(Stored entries)
*** Block opens ***

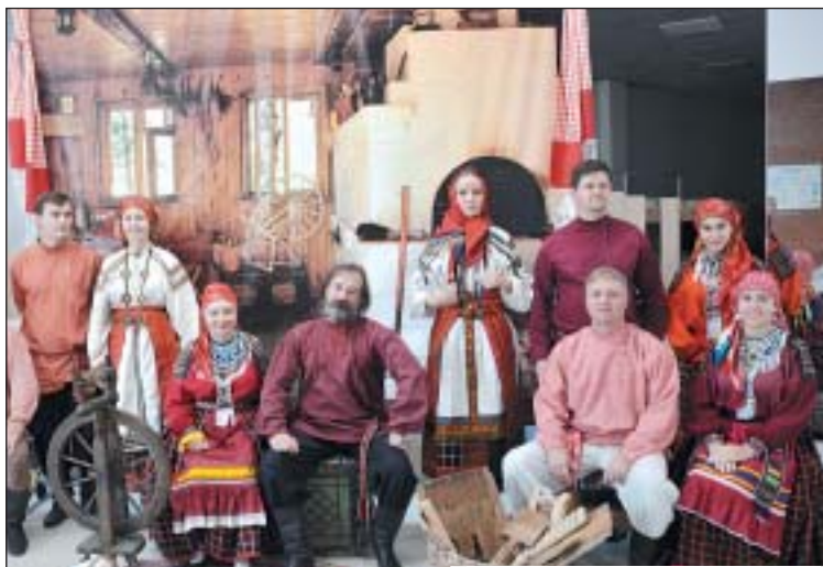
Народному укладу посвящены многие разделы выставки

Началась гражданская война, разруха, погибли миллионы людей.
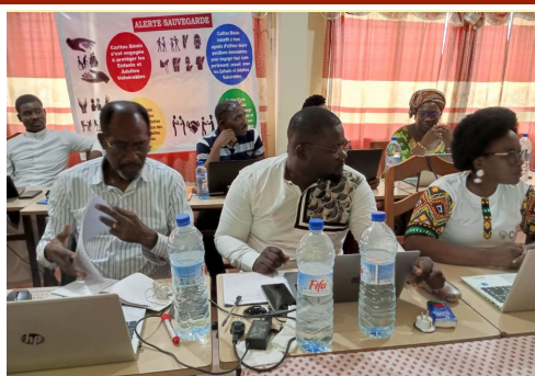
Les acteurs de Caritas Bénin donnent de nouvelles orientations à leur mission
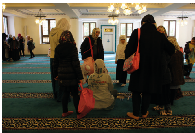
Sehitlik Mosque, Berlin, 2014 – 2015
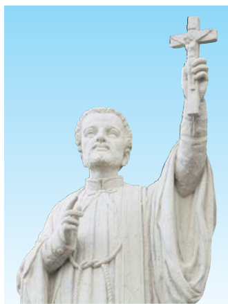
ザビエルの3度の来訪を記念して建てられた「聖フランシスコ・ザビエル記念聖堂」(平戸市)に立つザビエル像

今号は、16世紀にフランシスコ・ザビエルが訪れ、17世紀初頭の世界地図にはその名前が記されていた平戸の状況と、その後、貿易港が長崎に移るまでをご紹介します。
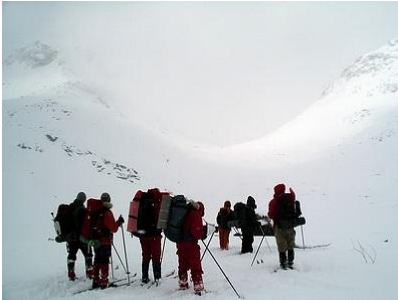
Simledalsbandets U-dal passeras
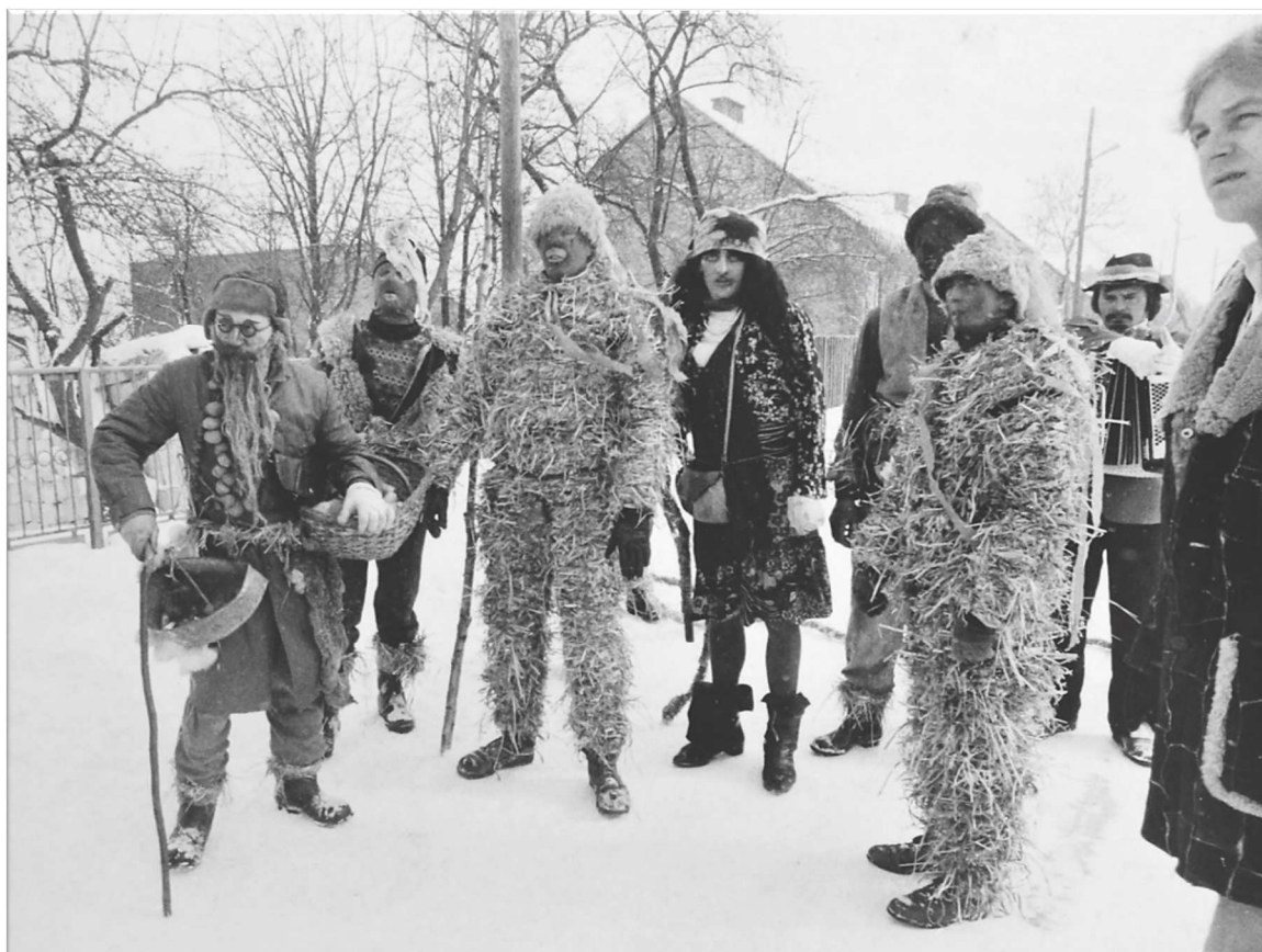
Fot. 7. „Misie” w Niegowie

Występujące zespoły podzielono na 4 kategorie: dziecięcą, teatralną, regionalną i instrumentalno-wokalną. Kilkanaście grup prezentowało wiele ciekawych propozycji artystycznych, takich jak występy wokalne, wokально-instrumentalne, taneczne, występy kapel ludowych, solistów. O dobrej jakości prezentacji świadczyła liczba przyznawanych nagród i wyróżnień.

*** Block closes ***

There should be an exact restatement of the lines from the line with "Simledalsbandets U-dal passeras" through the last line of the entries above, and no pictures in it.

RESULT:
Simledalsbandets U-dal passeras
Fot. 7. „Misie” w Niegowie

Występujące zespoły podzielono na 4 kategorie: dziecięcą, teatralną, regionalną i instrumentalno-wokalną. Kilkanaście grup prezentowało wiele ciekawych propozycji artystycznych, takich jak występy wokalne, wokально-instrumentalne, taneczne, występy kapel ludowych, solistów. O dobrej jakości prezentacji świadczyła liczba przyznawanych nagród i wyróżnień.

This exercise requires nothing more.